Alexander von Warsberg was the eldest son of the Prussian chamberlain Baron Joseph Alexander von Warsberg and his wife Bavarian aristocrat Baroness Elisabeth von Wyttenbach. Soon after his birth, his father sold their family estates in Lorraine and moved the family to Graz.[1] Warsberg attended gymnasium and university in Austria, and later joined the imperial royal civil service at the governor's office in Graz.
In 1858, he was transferred to the governorship in Venice where he worked until he was dismissed by Cajetan von Bissingen-Nippenburg in 1859. In 1868, 1869, and 1871, Warsberg visited Egypt. In 1870, he spent several months in Corfu. During the first half of the 1880s, he toured Attica, Thessaly, Epirus, the Peloponnese, and Libya.
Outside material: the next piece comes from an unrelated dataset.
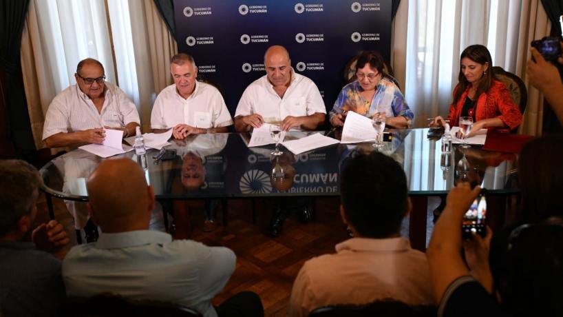 La tarde del jueves, el gobernador Juan Manzur, junto al vicegobernador Osvaldo Jaldo firmaron el acuerdo salarial con los gremios estatales de Tucumán. Se trata de un incremento de 60% al básico, más un 39,5 %, al de bolsillo. «Esta es la provincia que siempre buscamos con Osvaldo, con la paz social y siempre asegurando los ingresos a los trabajadores estatales», recalcó el titular del Ejecutivo. La ministra de Gobierno y Justicia, Carolina Vargas Aignasse, confirmó que todos percibirán «un mínimo de 150.000 pesos en marzo».

In the beginning of the 1880s, Empress Elisabeth of Austria began to focus on Greece, likely inspired by Warsberg's Odyssey Landscapes. Empress Elisabeth contacted Warsberg, then the Austrian consul in Greece, and appointed him her "traveling marshal". In 1885, he accompanied her on a trip to Greece. Initially, Elisabeth did not leave a positive impression on Warsberg. He described the empress in his diary as "ugly, old, skinny-looking, ill-dressed".[2] However, after their first voyage together, he changed his opinion of Elisabeth and began showing a certain affection toward her. In 1887 and 1888, Warsberg accompanied the empress on further strenuous journeys through Western Greece, Ithaca, the Peloponnese, and Asia Minor. However, his health was steadily declining and he often complained that the hardships as Elisabeth's "travel marshal" exceeded all his previous trips to the Orient.
In November 1887, the Empress commissioned Warsberg to find a suitable plot of land for a villa on Corfu. Warsberg, who was now seriously ill, managed to acquire the Villa Braila for the Empress and purchased additional land on Corfu for the construction of the villa. He created the "spiritual concept" for the palace, called Achilleion, but did not live to see the completion of it in 1891. After his death, his brother Gustav took over the construction management for a short time.[3]
In the fall of 1887, Warsberg was appointed Consul General in Venice, but died in the spring of 1889 from a long-standing lung condition. He was buried in the St. Leonhard-Friedhof Cemetery in Graz.